**Supplied data:**

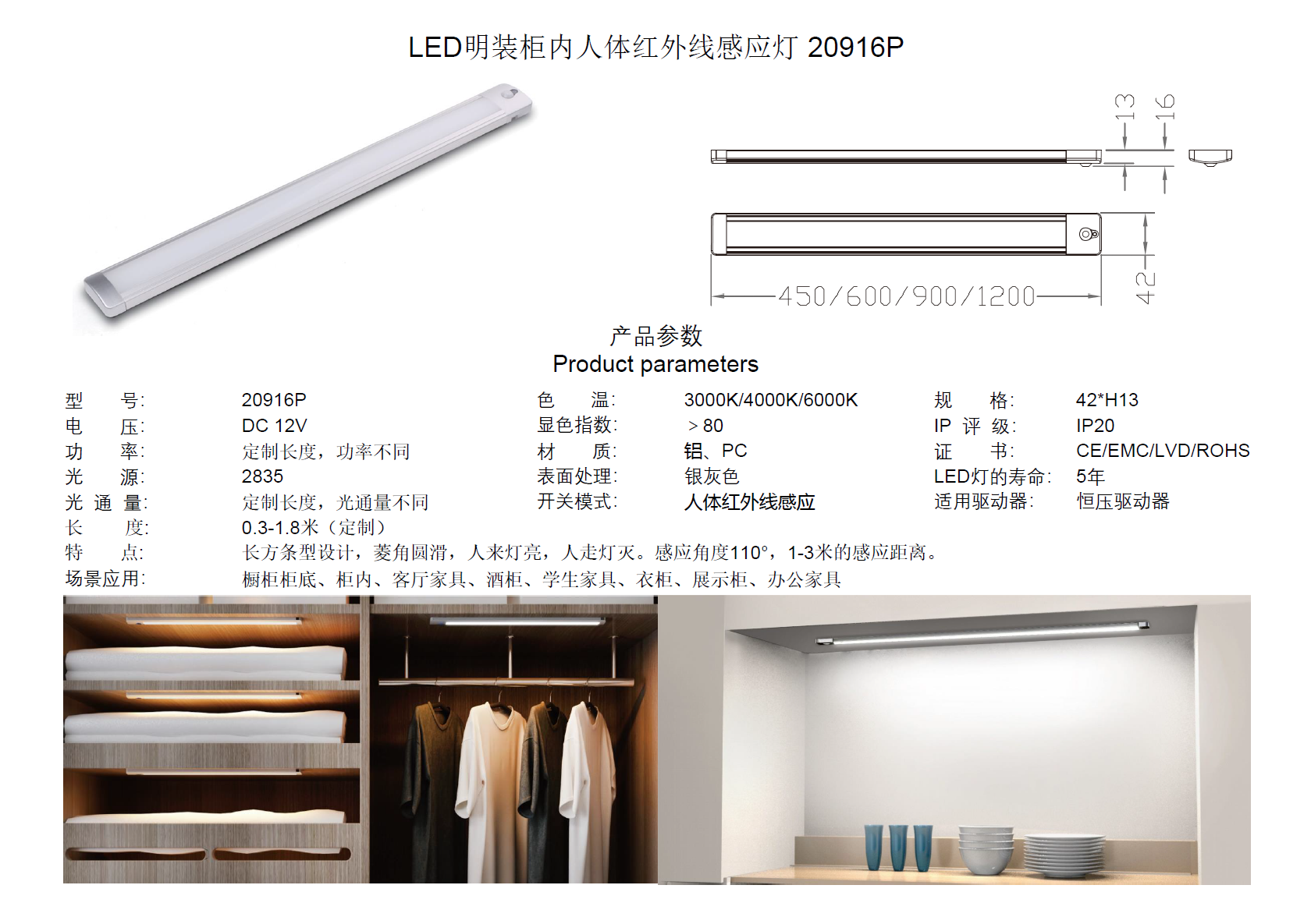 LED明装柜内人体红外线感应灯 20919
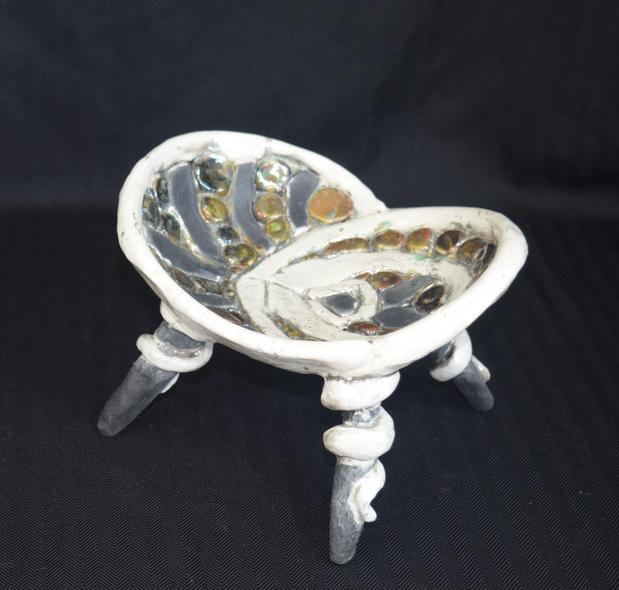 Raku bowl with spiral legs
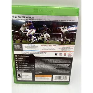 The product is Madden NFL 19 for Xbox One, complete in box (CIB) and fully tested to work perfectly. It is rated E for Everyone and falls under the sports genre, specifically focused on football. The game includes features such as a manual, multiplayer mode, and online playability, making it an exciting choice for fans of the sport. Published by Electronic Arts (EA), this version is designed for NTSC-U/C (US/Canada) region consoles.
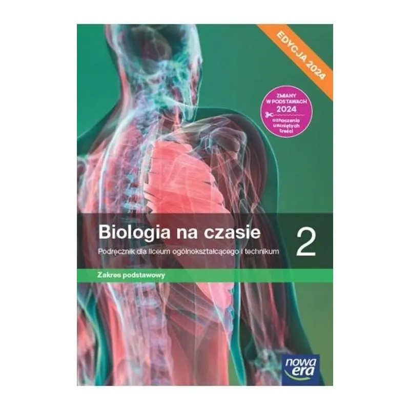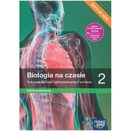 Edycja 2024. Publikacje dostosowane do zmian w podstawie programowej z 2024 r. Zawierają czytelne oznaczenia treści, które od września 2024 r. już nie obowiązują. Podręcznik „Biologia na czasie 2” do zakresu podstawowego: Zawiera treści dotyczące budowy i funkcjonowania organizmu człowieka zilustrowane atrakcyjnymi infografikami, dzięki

**What to do:**
Using the material above, reproduce only the lines that run from the line with "Raku bowl with spiral legs" up to and including the line with "The product is", exactly, with the pictures dropped.

**Answer to the problem:**
 Raku bowl with spiral legs
 The product is Madden NFL 19 for Xbox One, complete in box (CIB) and fully tested to work perfectly. It is rated E for Everyone and falls under the sports genre, specifically focused on football. The game includes features such as a manual, multiplayer mode, and online playability, making it an exciting choice for fans of the sport. Published by Electronic Arts (EA), this version is designed for NTSC-U/C (US/Canada) region consoles.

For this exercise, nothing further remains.